View from the Rincon along San Lorenzo Canyon, circa 1920 - Author's Personal Collection

"Even though not a resident of Santa Cruz, permit me, as one feeling for your best interests, to make a suggestion. We Easterners, when coming to California, are always greatly impressed by your rare redwood trees. Your cliff and Big Tree drives are your foremost attractions for us, so your livery men tell me. They say the canyon of the San Lorenzo river is always greatly admired. I believe it is a wonderful sight, especially that section between the Powder Mills and Rincon."

View of the California Powder Works from Beauties of California by N.W. Griswold, 1883

"To look down from the picturesque drive to the clear water of the river, hundreds of feet below, to see those great Sempervirens stretch their stately branches hundreds of feet above us, is a sensation not entirely of this earth. People of Santa Cruz, surely you do not appreciate this 'Grand Canyon of the San Lorenzo'. Would that you would call it some such name, as the one I propose above, and would make efforts to preserve it for future ages. Already almost all of the western banks have been stripped. A few days ago, when I was driven on this road, woodmen with their yoked oxen were laying bare still more of these monarchs that have taken thousands of years in their formation. I am told that the only reason the Eastern slope of the canyon is not laid bare is that as yet no road reaches across the river to it. What a reason!"

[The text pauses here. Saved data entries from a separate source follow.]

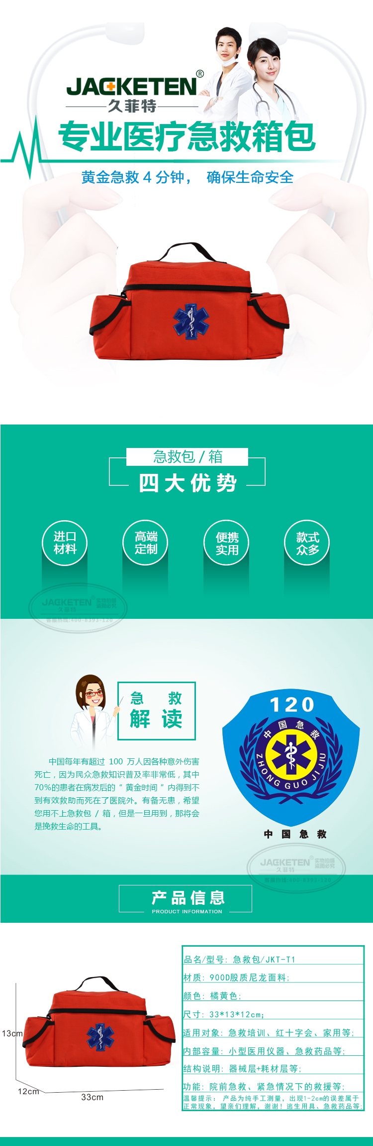 品名/貨號(hào):急救包/JKT-T1;材質(zhì):900D股質(zhì)尼龍面料;顏色:橘黃色;尺寸:33*13*12cm;適用對(duì)象:急救培訓(xùn)、紅十字會(huì)、家用等;內(nèi)部容量:小型醫(yī)用儀器、急救藥品等;結(jié)構(gòu)說明:器械層+耗材層;功能:院前急救、緊急情況下的救援等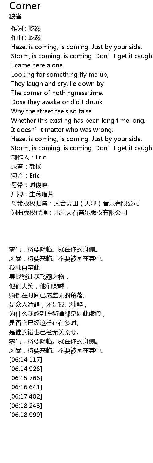 | [06:18.243] | 母带版权归属:太合麦田(天津)音乐有限公司 |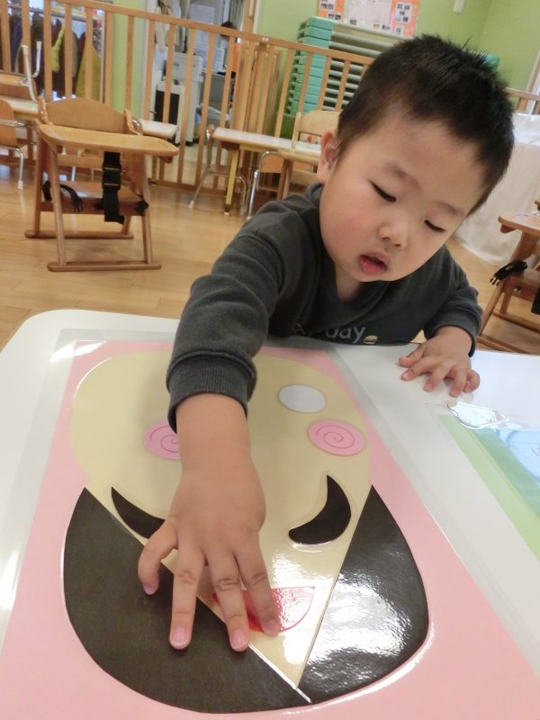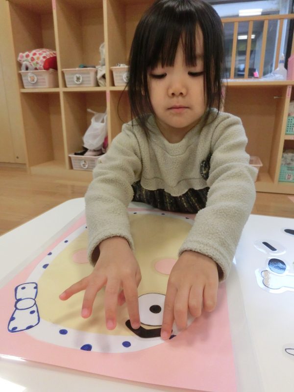 自分で顔のパーツを置くのが楽しい様子でした![]()

"People of Santa Cruz, you admit that this spot is perhaps the grandest piece of mountain scenery for visitors that you possess, and yet you are doing absolutely nothing to preserve it. It is not five miles from town, a rich heritage to you. Do not let it be wasted for its mere value in cord wood. I am told the estate of Henry Cowell owns the land. I do not know the parties, but surely no difficulty would be encountered, if the city would attempt to come to some understanding with them, whereby this wonderful 'Grand Canyon of the San Lorenzo' might be preserved for all time as a beauty spot of Santa Cruz."

This editorial, signed simply from an "Eastern Visitor", appeared in June 30, 1904 Santa Cruz Evening Sentinel.

Just a few years before this was written, Henry Cowell did begin to log his land adjacent to the Welch family's Big Trees Grove resort. Eventually most of the Eastern portion of San Lorenzo Canyon also fell to the logger's ax. It would take another 50 years after this editorial, and thanks to Samuel Cowell, before the spectacular San Lorenzo Canyon finally came under the protection of the State of California. This southern portion of what is now Henry Cowell Redwoods State Park is covered in over one hundred years of impressive second growth redwoods.